__ACTION ITEM__
Restate, word for word and with no pictures, the stretch of lines in the data below that begins at the line with "客厅空间全开放的布局,极大地" and ends at the line with "Pink roses set", inclusive.

__PROVIDED ENTRIES__
▼▼▼
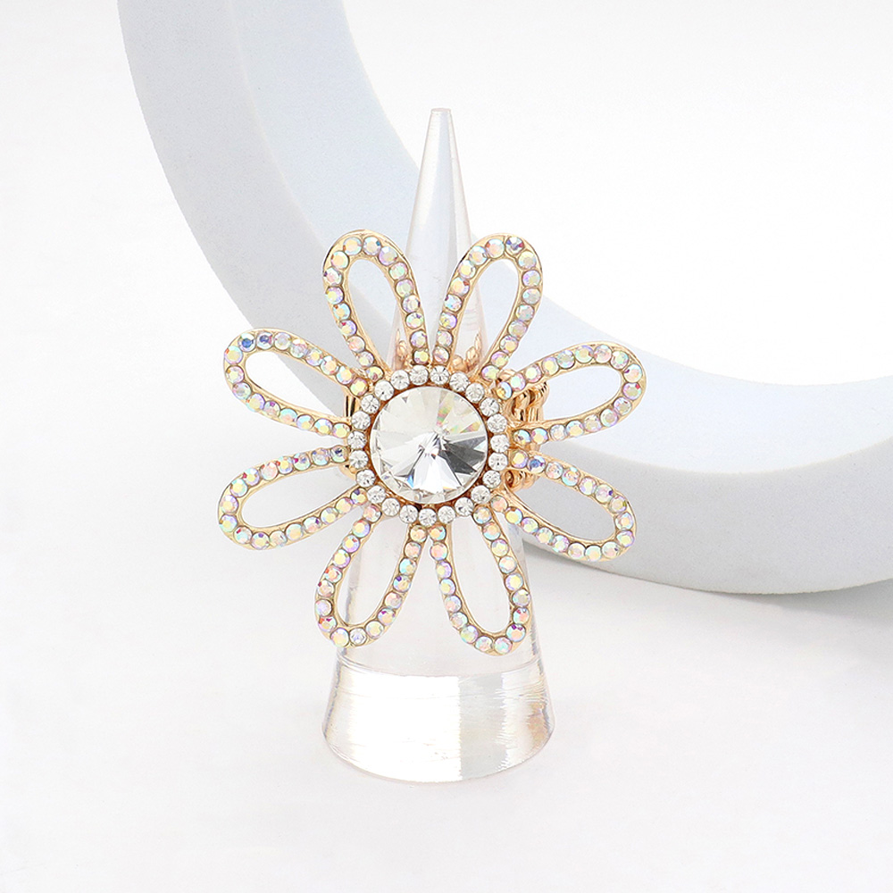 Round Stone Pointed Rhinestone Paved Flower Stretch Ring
▲▲▲
▼▼▼
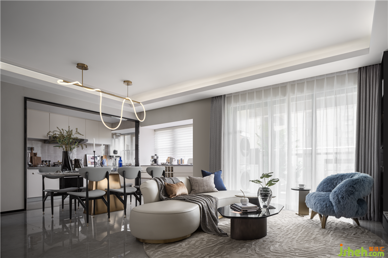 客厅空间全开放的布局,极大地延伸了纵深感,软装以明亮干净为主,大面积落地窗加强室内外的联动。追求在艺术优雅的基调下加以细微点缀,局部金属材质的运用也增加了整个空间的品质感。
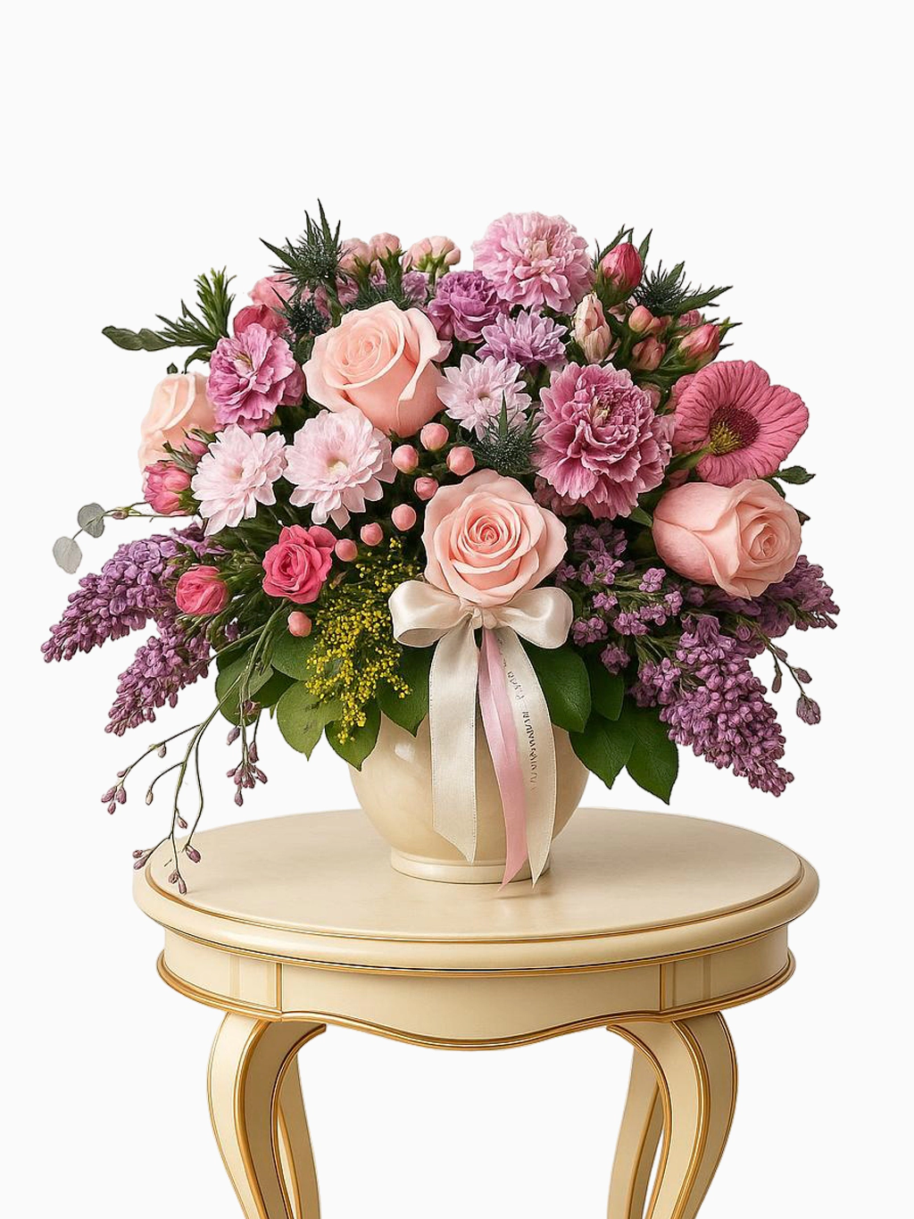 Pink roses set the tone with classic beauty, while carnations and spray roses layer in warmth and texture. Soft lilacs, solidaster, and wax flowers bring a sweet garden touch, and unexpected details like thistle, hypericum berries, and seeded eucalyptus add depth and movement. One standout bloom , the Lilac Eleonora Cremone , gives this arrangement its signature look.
▲▲▲
▼▼▼
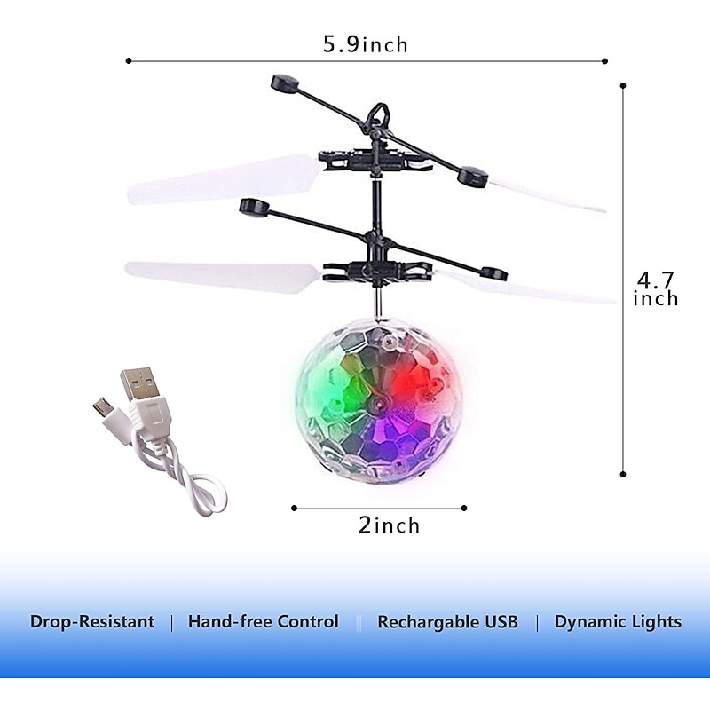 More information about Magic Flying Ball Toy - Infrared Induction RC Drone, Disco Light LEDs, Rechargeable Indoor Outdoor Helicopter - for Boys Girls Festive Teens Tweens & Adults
▲▲▲
__TASK RESPONSE__
 客厅空间全开放的布局,极大地延伸了纵深感,软装以明亮干净为主,大面积落地窗加强室内外的联动。追求在艺术优雅的基调下加以细微点缀,局部金属材质的运用也增加了整个空间的品质感。
 Pink roses set the tone with classic beauty, while carnations and spray roses layer in warmth and texture. Soft lilacs, solidaster, and wax flowers bring a sweet garden touch, and unexpected details like thistle, hypericum berries, and seeded eucalyptus add depth and movement. One standout bloom , the Lilac Eleonora Cremone , gives this arrangement its signature look.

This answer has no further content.